*Material provided*
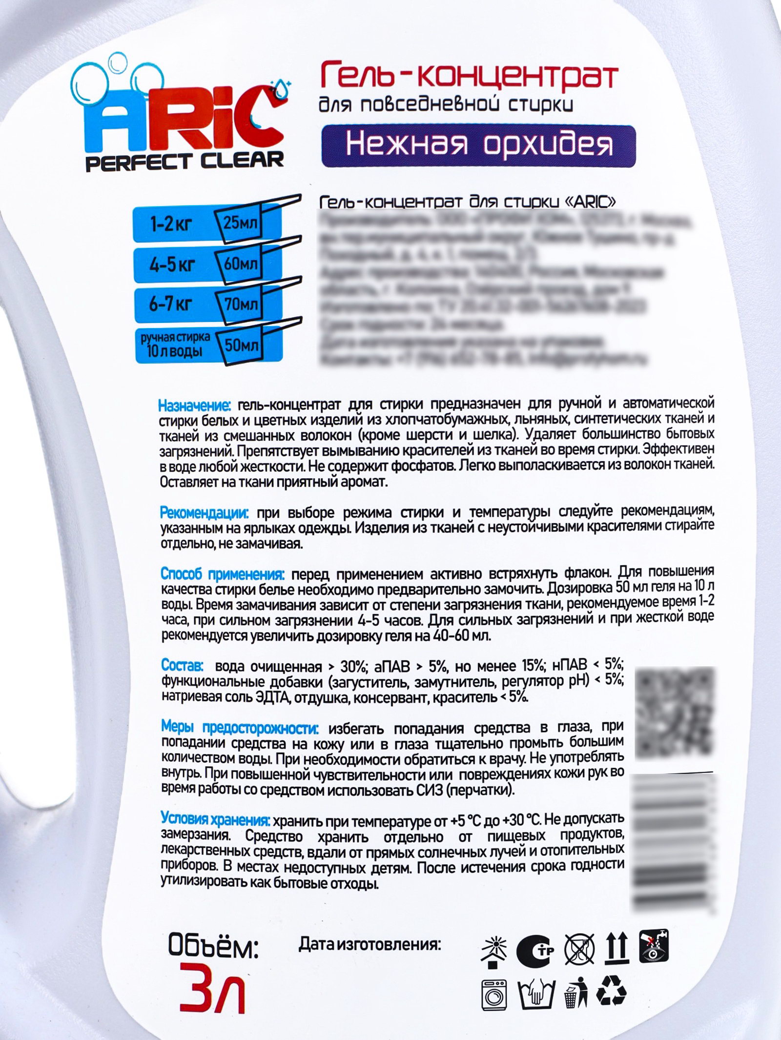 Гель-концентрат для стирки "Нежная орхидея", для повседневной стирки, 3 л, 3000 мл., ARIC, Россия
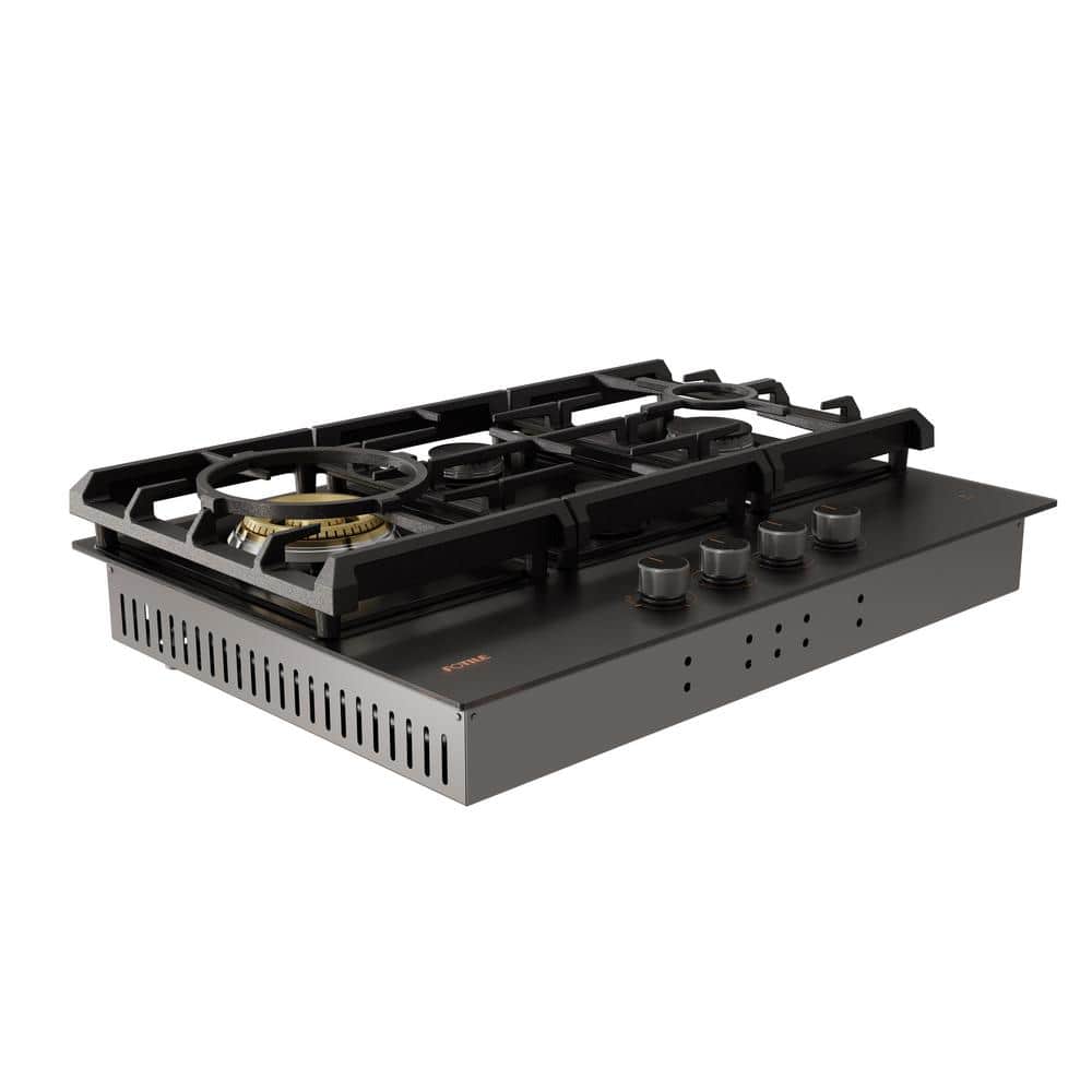 FOTILE 30 in. 4 Burners Moonshadow Tri-Ring Series Gas Cooktop with Frosted Matte Anti-Glare Glass in Black
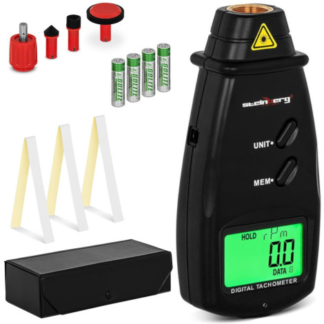 10030406Digitaalinen kierroslukumittari Saksalainen merkki Steinberg Systems Se on hyödyllinen, kun tarkistetaan moottoreiden, mototien, sorvien, tuulettimien, porausten ja muiden sähkötyökalujen pyörimisnopeus ja keramiikkapyörät.

*Work request*
With pictures excluded, the data must be transcribed in full and to the letter.

*Result below*
 Гель-концентрат для стирки "Нежная орхидея", для повседневной стирки, 3 л, 3000 мл., ARIC, Россия
 FOTILE 30 in. 4 Burners Moonshadow Tri-Ring Series Gas Cooktop with Frosted Matte Anti-Glare Glass in Black
 10030406Digitaalinen kierroslukumittari Saksalainen merkki Steinberg Systems Se on hyödyllinen, kun tarkistetaan moottoreiden, mototien, sorvien, tuulettimien, porausten ja muiden sähkötyökalujen pyörimisnopeus ja keramiikkapyörät.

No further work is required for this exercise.